Queue Popping Method Development
First, let’s look at the growth of the queue. The plot below shows the number of voxels in the queue at each iteration:
Based on only going through 158 iterations and visiting 101 AAL regions in those iterations, I realized that most of my queue wasn’t even going to be used. I need to rethink my queue popping strategy. Now let’s take a look at the breakdown of the old queue. Out of a final total of 15120 contenders, there are in fact only 5665 unique values, and they are spread across the entire AAL atlas:
We could either limit the voxels that we put on the queue to begin with, or we could develop a strategy that takes this distribution, and the regions that we’ve already visited, into account. On the one hand, we want to visit a region that has more representation first, but we don’t want to keep visiting the same popular regions in the network over and over again. Stepping back and thinking about this, I would want to do something similar to what is done in vector quantization. I want a vector of sensitivity values that bias our choice toward regions that haven’t been selected, and I also want to take into account the number of voxels that are in the queue for that region. I modified the script to take these two things into account, and used it to generate my first local network! Keep in mind that this network is an undirected graph because we can’t say if a connection between voxels i and j is from i to j, or j to i. I finished with a list of links, and a list of values to describe those links (the weights). I then (finally) used Matlab’s sparse function to create the adjacency matrix for my graph:
The above is saying to create a sparse matrix with x values from links(:,1), y values from links(:,2), fill them in with ones because there is one link between each set of nodes, and make it a square matrix sized as the original number of voxels (that Matlab could not handle as a non-sparse matrix). After this adjacency matrix was created (albeit in like, two seconds!), I used the “spy” function to look at the indices of this beast matrix that are included in the graph. This definitely isn’t everyone, but it’s a good sampling across the entire matrix, and I’m pretty happy that I was able to pull this off. The stripes of emptiness are more likely to be area outside of the brain than “missed” voxels. Remember that this isn’t the graph itself, just the indices of the members, and the correlation threshold is .55, which could easily be increased.
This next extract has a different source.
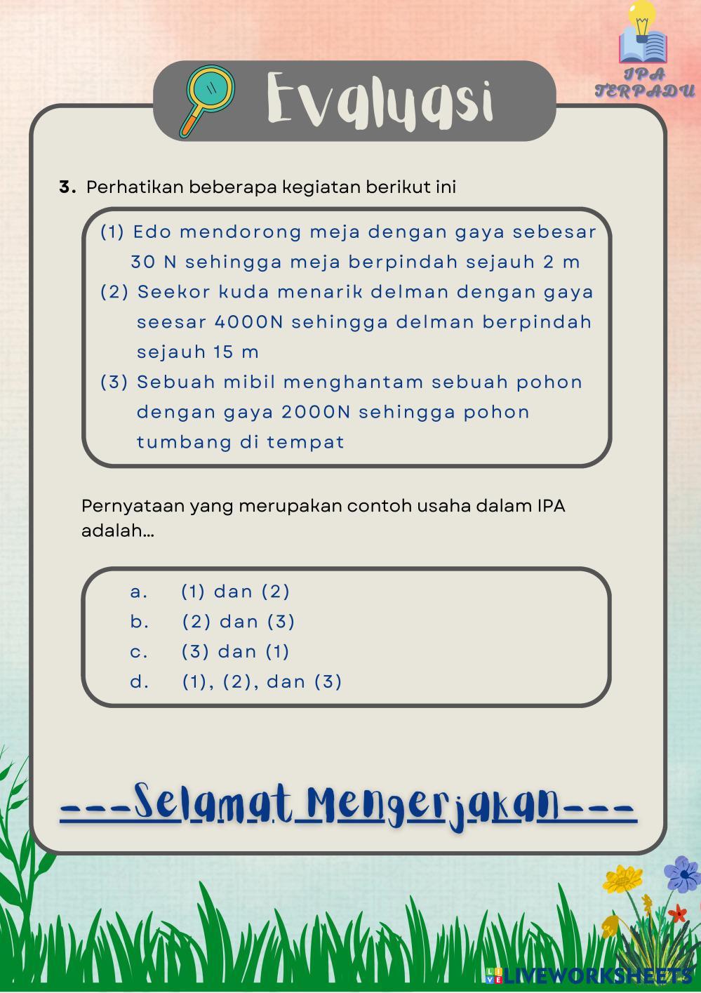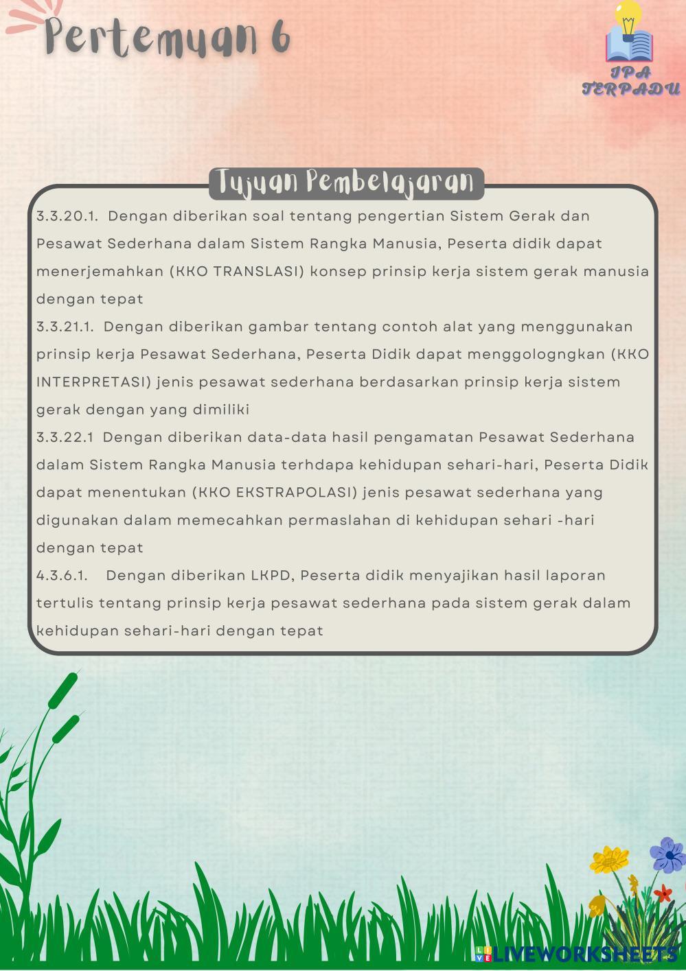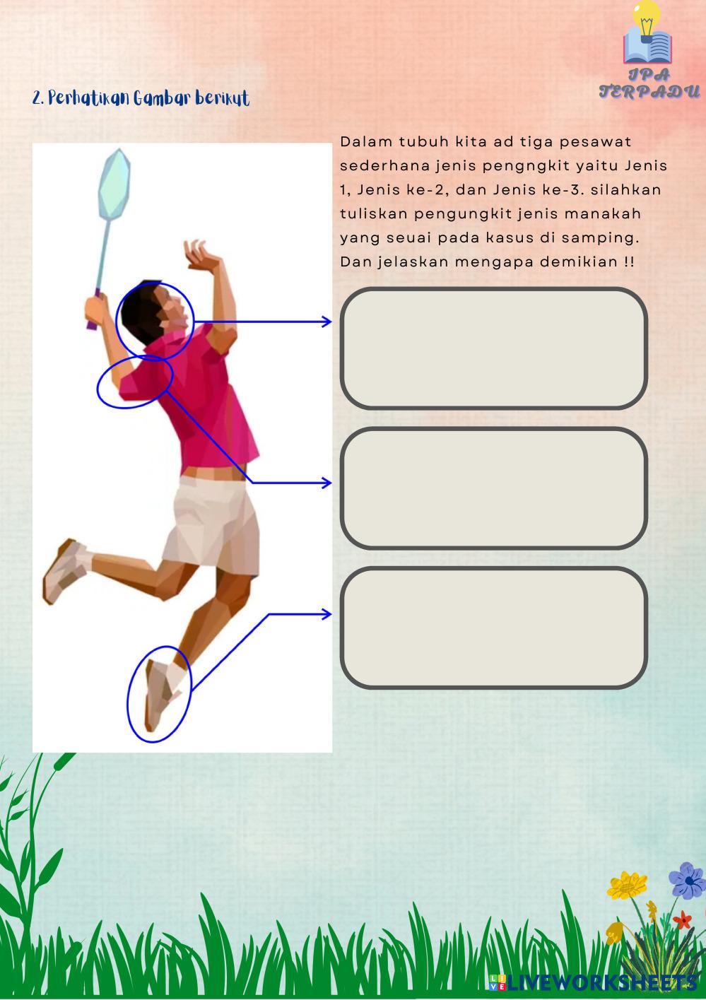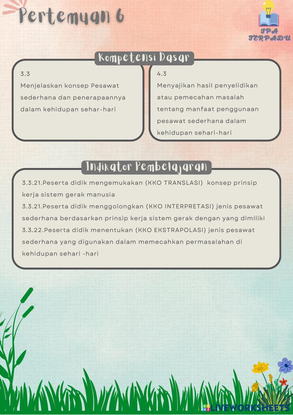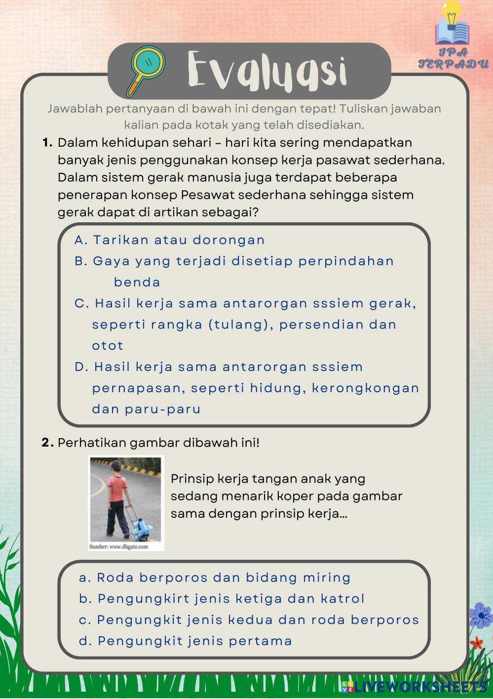 Created byNurkhalifah Febrianty Syah Ilmu Pengetahuan Alam (IPA) Sistem Gerak Manusia Age 11+ level: 3 Indonesian Author's Instructions My Google Classroom Courses × 0 classes selected (0 students total) Quick Access Select all classes (0 classes) All Classes Loading courses... Cancel Share Share to selected Course __COURSE_NAME__ __STUDENT_NAME__ (__STUDENT_EMAIL__) LKPD USAHA DAN PESAWAT SEDERHANA - PERTEMUAN 4 Download Worksheet Validation Check my answers Emails my answers to my teacher Full name Group/level School subject Teacher's email or key code Close Submit Validating worksheet... (12) Your answers have been sent to your teacher. Good luck! OK We encountered an error submitting your answers. Please try again. OK Advertisement | Go Ad Free Created byNurkhalifah Febrianty Syah Ilmu Pengetahuan Alam (IPA) Sistem Gerak Manusia Age 11+ level: 3 Indonesian Author's Instructions

Trying to visualize these voxels, spatially, in Matlab is not a good idea. Instead, let’s write the included voxel coordinates to file, and overlay on an anatomical image:
My instincts were correct that I got most of the brain, and for a first go at this, I am pretty pleased! The running time wasn’t ridiculous, and we get coverage of most of the brain’s gray matter. In fact, I think that it’s even too much, and I’m going to up the threshold. For my next post, I will increase the threshold to a much higher value (.9?) and see if I can visualize this network as a graph. My goal is to get a sense if using this kind of graphing software for visualization makes sense for functional MRI data.